I could no longer handle the excitement and decided it was time for me to inspect the latrine. Along the way to the facilities I saw the llamas and the goats and a pot-bellied pig up for adoption. I really do not like it when I find out that a pot bellied pig has suffered abuse and been confiscated by animal control and now is in need of a wonderful home. Llamas you can keep, I'd rather raise ostriches. By the time I returned to my seat it was intermission and I was jostled about against the tide of people who wanted to leave the grand stands.

Intermission over it was then the long awaited Jump Off. At least some of the people were waited; others I noticed smoked cigars below the bleachers or inspected their surroundings or talked with their long lost friends. Mothers herded their children. Fathers followed their wives. Ladies ambled to hover towards the entrances to the VIP tents. The jump horses that did not jump with perfection or grace were being walked around and told sweet nothings before they would be put away for the day. And it was a distraction with all the adults, fresh ones that had replaced the last batch, who stood in front of us and acted as if they were lost.

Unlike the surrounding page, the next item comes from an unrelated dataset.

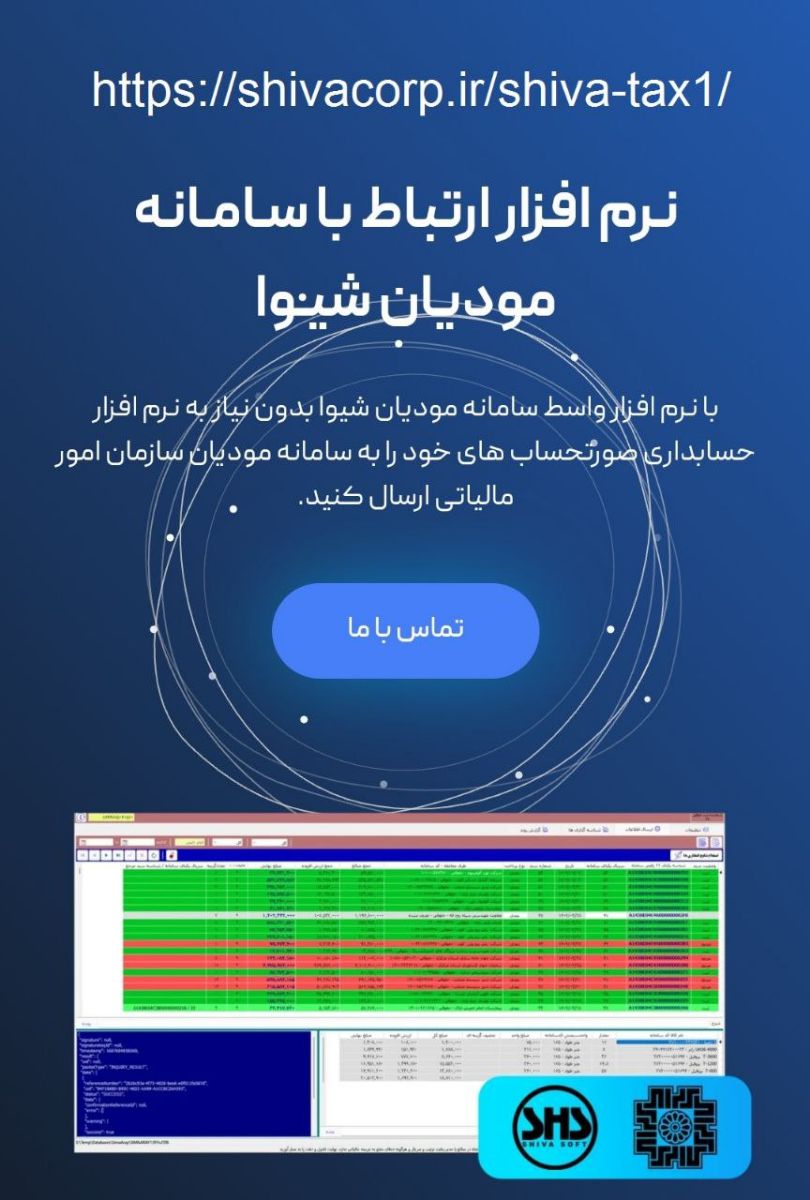 🔺❌با نرم افزار واسط سامانه مودیان شیوا بدون نیاز به نرم افزار حسابداری صورتحساب های خود را به سامانه مودیان سازمان امور مالیاتی ارسال کنید ❌دارای امکانات صدور صورت 🔺حساب‌های خرید و فروش رسمی و غیر رسمی و انتخاب و ارسال به سامانه مودیان برای تمامی اشخاص حقوقی و حقیقی 🔺امکان دریافت و ارسال به اکسل 🔺امکان اتصال به نرم افزارهای حسابداری و فروش 🔺امکان صدور و ارسال صورت حساب به صورت مستقل بدون اتصال به نرم افزار حسابداری و.. 🔺امکان چاپ صورتحساب مطابق با فرمت سازمان امور مالیاتی 🔺دارای گزارشات خرید و فروش و مانده حساب‌ها و موجودی کالا ها 🔺دارای صورت حساب‌های اصلاحی و ابطالی و.. 🔺کاربری آسان 🔺نصب و راه اندازی و آموزش رایگان همراه با ثبت نام در سامانه مودیان 🔺امکان گرفتن شناسه کالا و خدمات در سیستم 🔺امکان ارسال صورت حساب نقد و اقساط و چک امکان استعلام شناسه ملی اشخاص 🔺امکان استفاده تحت شبکه خدمات و پشتیبانی 24 ساعته ☎️021_26857764 www.shivacorp.com ❌طراحی ،خدمات و پشتیبانی با شرکت شیواپردازه (دانشبنیان ) با سابقه 25 ساله در طراحی نرم افزار با بکارگیری بروز ترین متد برنامه نویسی❌ 🛑خریدار محترم با توجه به اهمیت خدمات و پشتیبانی حرفه ای این سامانه برای مودی ، در طولانی مدت ، نرم افزار خود را از شرکت‌های اصیل طراحی نرم افزار و باسابقه و متعهد ، که زمینه فعالت آنها برنامه نویسی و طراحی سیستم هست تهیه نمایید تا در آینده مجبور به تغییر سیستم و ضررو زیان مالی و اعتباری نشوید

Six riders and their horses got to go around again, only this time with a different set of barricades. Bob of helmet, flash of rump and it was very quickly over and the grand stands emptied themselves. Former Mayor Rudolph Giuliani was presented to present something to the winner, but it was so far across the field that we could not make out any of it. They may have been getting $250,000 but we saw none of it.

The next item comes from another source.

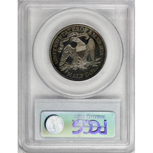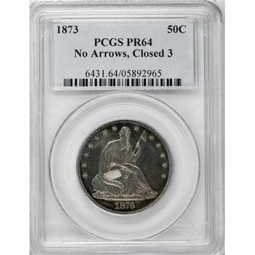 <B>1873 50C No Arrows PR64 PCGS.</B></I> Closed 3. Electric-blue and sea-green borders frame the tan-gray fields. The devices are only faintly toned. Moderate contrast is present, although the piece is undesignated as Cameo. An unobtrusive mint-made planchet streak crosses through the lower portion of the right (facing) wing. Only 600 No Arrows proofs were issued. Population: 32 in 64, 28 finer (12/07).<BR><BR><B>Coin Engraver:</B> Christian Gobrecht<BR><BR><b>Shipping:</b> Coins & Currency (<a target="_blank" href="http://www.heritageauctions.com/common/shipping.php">view shipping information</a>)
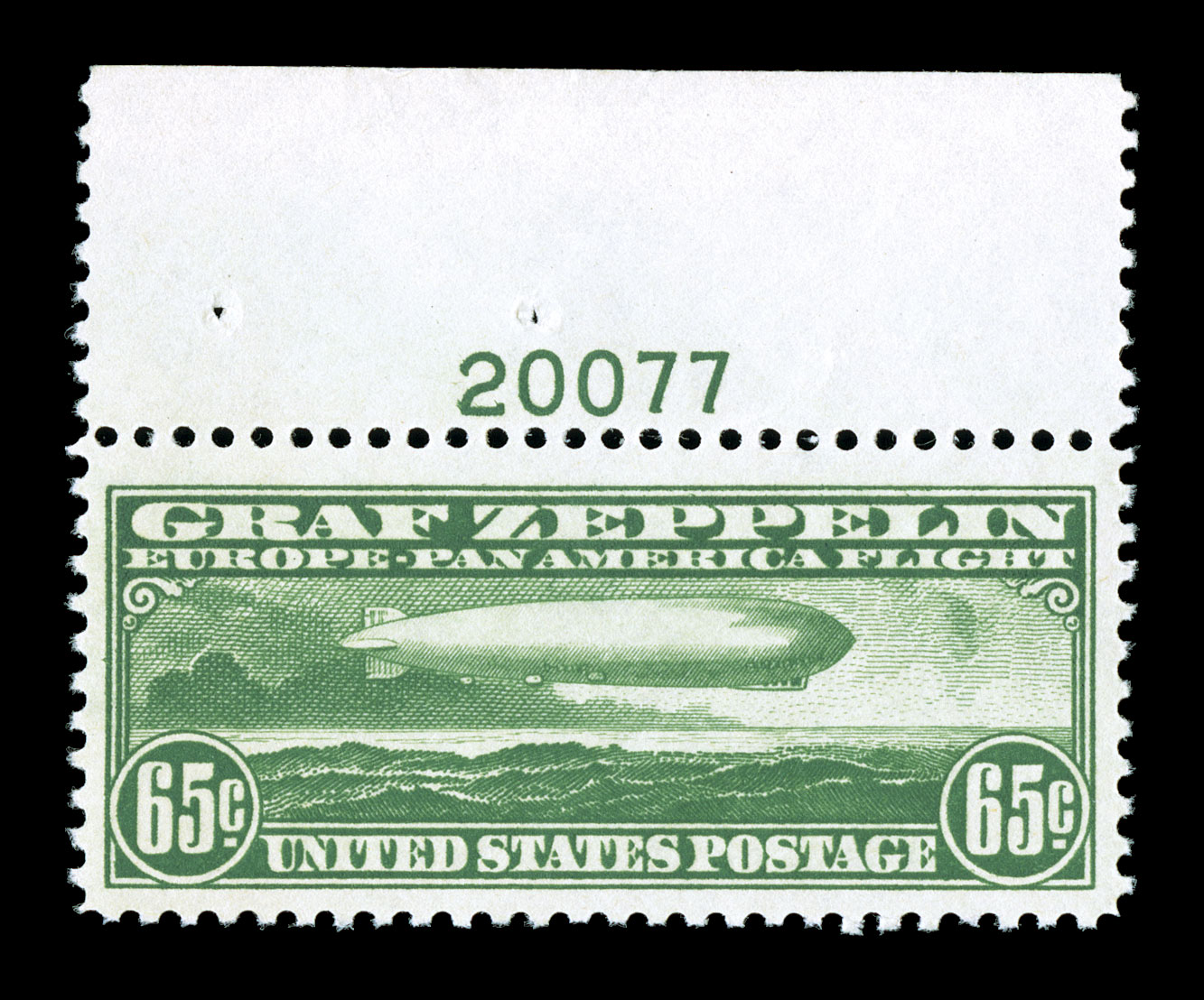 fresh white paper, unblemished o.g. without a single bend or skip, n.#C13, 65c Graf Zeppelin, a marvelous mint single, possessing exceptionally large and perfectly balanced margins all around, deep luxuriant color and a razor-sharp impression on fresh white paper, unblemished o.g. without a single bend or skip, n.h., extremely fine; a truly gem Sixty Five Cent Graf Zeppelin; 2005 PSE certificate (Superb 98; SMQ $2,000.00). (Image) $425.00

There was confusion in the parking lot. We were motioned to stop and wait by an attendant dressed with a bright orange vest, we stopped, then we got honked at from behind, there were swear words in the air that were not ours, then four cars drove around us and cut into the line: a Range Rover, a Jaguar, a Mercedes and a BMW in that order. My wife had rented a compact car for this special occasion. On the way home we stopped at a fresh vegetable stand. We bought corn, chard, fresh dill, arugula, local tomatoes and white eggplant.